The Consultant's Perspective

Bianca Metz, a tiny homes consultant and builder who works with municipalities to create bylaws that permit smaller home sizes, told the Wasaga Sun that most municipalities have already eliminated minimum size requirements. The idea is becoming more accepted—but misinformation persists. Metz notes that seven years ago, the "tiny home" trend was dominated by Netflix shows featuring homes built on recreational vehicle chassis, often not to code. "When they thought about tiny homes, they saw tiny homes on wheels, and municipalities saw non-compliant dwellings—and I completely agree with that," she said. The distinction between a recreational vehicle and a permanent dwelling is fundamental. A tiny home built to the Ontario Building Code on a permanent foundation is not a trailer. It's a house. It requires the same permits, inspections, and service connections as any other dwelling. The only difference is size.

The Visual Challenge

Metz points to a key insight for policymakers: "People are visual: they really need to see a beautifully designed home, and exactly what the cost considerations are for people doing this". Residents may have legitimate concerns about what might be built beside them. The antidote is not restrictive zoning—it's clear standards and visual examples. Municipalities that have successfully integrated tiny homes into their housing mix have often done so by creating pattern books, demonstration projects, and clear guidelines that show what's allowed and what isn't. "The people doing this are not slopping down an $80,000 trailer in their backyard," Metz emphasized. "They have to go through zoning, a feasibility study, design, construction, service assessments".

Beyond Tiny Homes

Wasaga Beach's zoning reform isn't only about tiny homes. Ellis notes that the bylaw also needs to accommodate other emerging housing forms: back-to-back townhouses, stacked townhouses, and backyard or garden suites (formerly termed "additional residential units" or ARUs). "There is at least one planning application before council that is proposing stacked townhouses," Ellis said. "They're coming, so we need to develop planning policies that allow those uses, subject to the parameters that ensure compatibility". This forward-looking approach recognizes that housing preferences and construction methods evolve. A zoning bylaw written in 2003 could not anticipate the forms that would be needed in 2026. A bylaw that focuses on use compatibility rather than dimensional prescriptiveness is more adaptable to future innovation.

The Role of PrefabIQ

For municipalities seeking to implement similar reforms, our platform PrefabIQ offer useful tools. The Compliance Management module helps builders navigate regional building codes and zoning regulations, essential when minimum size requirements are removed and Building Code standards become the primary reference. The Site Analyzer can evaluate land suitability for smaller dwellings, assessing factors like soil conditions, utilities access, and compatibility with surrounding uses. And the Stakeholder Hub enables collaboration between municipal planners, developers, and community members throughout the approval process.

A Call to Action

Wasaga Beach's proposed zoning bylaw is expected to go to public consultation this spring, with council approval targeted for fall 2026. Other municipalities watching from the sidelines should consider following suit.
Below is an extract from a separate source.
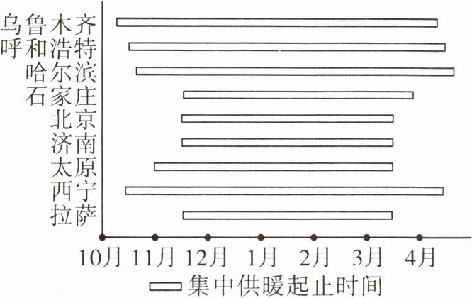 (2025·湖南衡阳常宁期末)中国疆域辽阔,秋景美不胜收。当漠河雪花开始漫天飘舞时,三亚的街头依然裙角飞扬。下图为我国集中供暖起止时间图。据此回答13~14题。
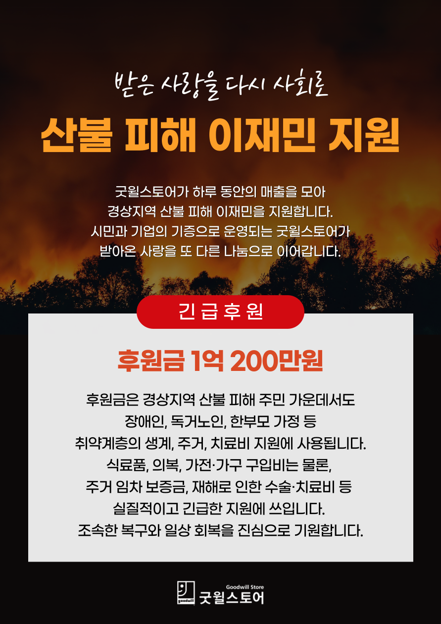 4월 24일(목) 19시부터 자정까지 🖥️홈페이지 리뉴얼 작업이 진행됩니다. 기증 내역 조회 기능과 스토리 콘텐츠 강화로 더욱 풍성한 서비스를 준비 중입니다. 작업 시간 동안 간헐적인 접속 지연이나 이용 제한이 발생할 수 있는 점 양해 부탁드립니다. 새로워질 굿윌스토어 홈페이지에 많은 기대 부탁드립니다! |

The housing affordability crisis demands bold action. Removing arbitrary minimum size requirements costs nothing, requires no new infrastructure, and immediately expands the range of housing options available to residents. It is, as Ellis put it, a way to "facilitate more affordable housing options for our current and future residents". The Ontario Building Code already ensures that homes, whatever their size, are safe and habitable. Zoning should not add unnecessary barriers. Wasaga Beach understands this. It's time for other municipalities to catch up.